‘Flor do diabo’: nova espécie negra e sem folhas é descoberta em parque nacional da Tailândia - QTU Questões do Universo

‘Flor do diabo’: nova espécie negra e sem folhas é descoberta em parque nacional da Tailândia

Fonte: Bandeira da fonte

Uma expedição de botânicos das universidades Chulalongkorn e Príncipe de Songkla identificou uma nova espécie de planta no Parque Nacional Thong Pha Phum, no oeste da Tailândia.
Batizada de Thismia daemona, a espécie chamou a atenção pela aparência escura, pela ausência de folhas e pelo modo de vida escondido sob o solo da floresta.
Descrita em estudo publicado na revista científica PhytoKeys, em agosto, a planta pertence ao gênero Thismia, grupo de pequenas espécies conhecidas popularmente, em alguns lugares, como “lanternas de fada”.
Segundo a publicação divulgada pelo Phys.org, a descoberta ocorreu em um ambiente incomum: a quase mil metros de altitude, em uma floresta montana com períodos sazonais de seca.
— A descoberta da Thismia daemona no Parque Nacional Thong Pha Phum foi, sem dúvida, uma grande surpresa — afirmou Sahut Chantanaorrapint, pesquisador da Universidade Príncipe de Songkla.
— Espécies desse gênero normalmente ocorrem em florestas úmidas de terras baixas durante todo o ano.
Aparência inspirou o nome de ‘flor do diabo’
A espécie tem flores predominantemente pretas, com estruturas semelhantes a chifres sobre uma formação em forma de cúpula.
Tons intensos de vermelho e laranja na base lembraram aos pesquisadores olhos brilhantes, inspirando o apelido de “flor do diabo”.
— Nossa equipe concordou unanimemente que nomeá-la Thismia daemona capturava perfeitamente sua essência enigmática e diabólica — disse Chantanaorrapint.

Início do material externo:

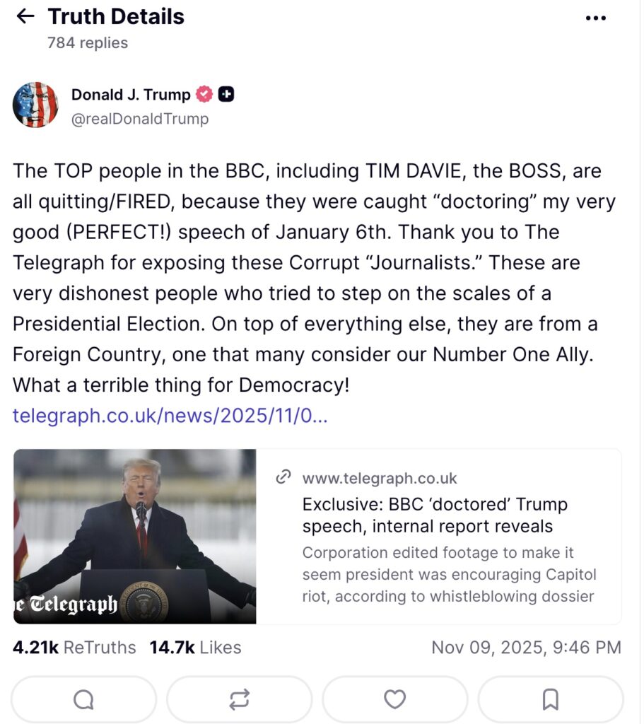 Donald Trump reagierte auf dem Kurznachrichtendienst Truth Social zu diesem Skandal. Die BBC sei ertappt worden, wie sie eine „sehr gute, perfekte Rede“ manipuliert habe. Er sprach von einem „schrecklichen Ding“ für die Demokratie.

A planta também tem uma forma incomum de sobrevivência: sem folhas, não produz alimento pela fotossíntese como a maioria das plantas.

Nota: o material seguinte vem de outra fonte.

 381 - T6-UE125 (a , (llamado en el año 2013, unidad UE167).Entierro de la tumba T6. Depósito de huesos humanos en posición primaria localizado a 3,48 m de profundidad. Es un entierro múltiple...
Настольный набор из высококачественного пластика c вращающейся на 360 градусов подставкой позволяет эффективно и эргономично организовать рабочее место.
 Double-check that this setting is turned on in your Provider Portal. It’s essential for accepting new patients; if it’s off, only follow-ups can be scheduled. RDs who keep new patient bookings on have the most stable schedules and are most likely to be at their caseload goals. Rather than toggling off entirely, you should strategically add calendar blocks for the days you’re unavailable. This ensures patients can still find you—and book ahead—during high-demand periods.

Em vez disso, depende de fungos do subsolo para obter nutrientes.
A descoberta elevou para 16 o número de espécies do gênero Thismia registradas na Tailândia e ampliou o conhecimento sobre sua distribuição geográfica.
No entanto, os cientistas alertam para o risco de desaparecimento: apenas uma população, com menos de 50 indivíduos, é conhecida em uma área menor que um campo de futebol.
Por causa da distribuição extremamente limitada e da proximidade com uma região visitada por turistas, a espécie foi provisoriamente classificada como criticamente ameaçada.
Para os pesquisadores, a preservação do microhabitat e a participação das comunidades locais serão decisivas para garantir sua sobrevivência.